To test on an unseen document/s:

python lda_inference.py -f (your-test-docs).txt

This assumes the existence of a trained LDA model, a dictionary of vocabulary and a file containing topic names available (all provided in this repo)

Document/s should be in a .txt file, one document per line

Alternatively, you can inspect topics.json for the list of topics that were discovered and named when I ran lda.py myself.

Assumptions and Decisions

Although the 'label' field in the dataset is known to be unreliable, I took it as an indication of the type of label we might reasonably be looking for from this task (ie general area or topic of the content of each article, as opposed to, for example, length or tone of voice of the article).

I also used it to estimate a number of labels, and a spread of those labels (while acknowledging they are unreliable, I assumed they might be indicative):

{
'Energy&Resources&Utilities': 21786, 
'Legal&Defence': 6594, 
'Entertainment': 5220, 
'Food&Beverage': 17059, 
'Information,Technology&Telecommunications': 5833, 
'Pharmaceutical': 9679, 
'Sport&Gaming': 11199, 
'Automotive&PetrolServices': 16449, 
'RealEstate&PropertyServices': 7591, 
'Agriculture,Forestry&Fishing': 15183, 
'Education': 13938, 
'Finance&Insurance&BusinessServices': 26622, 
'Unions': 1143, 
'Religion': 2300, 
'RetailTrade': 8193, 
'Health&CommunityServices': 20387, 
'Transport&Storage': 15243, 
'Hotels&Accommodation': 1143, 
'Construction&Manufacturing': 7797, 
'Tourism&Events': 3465, 
'Media&Publications': 8182, 
'Cultural&Recreational': 4726, 
'Environment': 3150
}

These are somewhat imbalanced, but within an order of magnitude of each other, so I didn't do any preprocessing of the dataset itself (for example, to take a balanced sample from across the topics) -- these labels have also been described as unreliable, so I didn't want to put too much faith in them.

Since I decided to consider this as a topic classification task, I used Latent Dirichlet Allocation (LDA), which is a well-known approach/solution to this problem.
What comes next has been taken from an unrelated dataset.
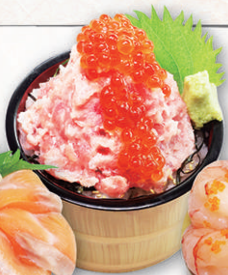
①サーモン親子小丼 ②生えび卵小丼 ③ねぎとろイクラ小丼

One problem with LDA is that you need to specify a number of labels/clusters, so I used 23 which is the number of unique labels in the dataset, because this was the easiest evidence I could find to settle on a reasonable number. NUM_TOPICS can be changed and run again if this is inappropriate. If I had time, I would run some more preliminary analysis of the data to refine this number.

I used Bag of Words instead of TF-IDF, because it was easier to implement and my research showed it usually has similar results on this type of task, while BoW often allows more detailed and specific topics. However, with more time I would have experimented with TF-IDF as well and perhaps changed this approach if it had more accurate and specific results.

I chose to train an LDA model using the Gensim library (the other popular library is scikit-learn) because scikit-learn's implementation of LDA is known to be very slow and inefficient. With more time it might be worth trying scikit-learn as well.

I chose to do 10 passes as a balance between accuracy and efficiency. If this was being used for real, I would probably do more passes, or at least experiment with a few different numbers of passes. My research found that 10-50 was a promising range to check, and even just 10 was reasonably time-consuming so I kept it quick for this task!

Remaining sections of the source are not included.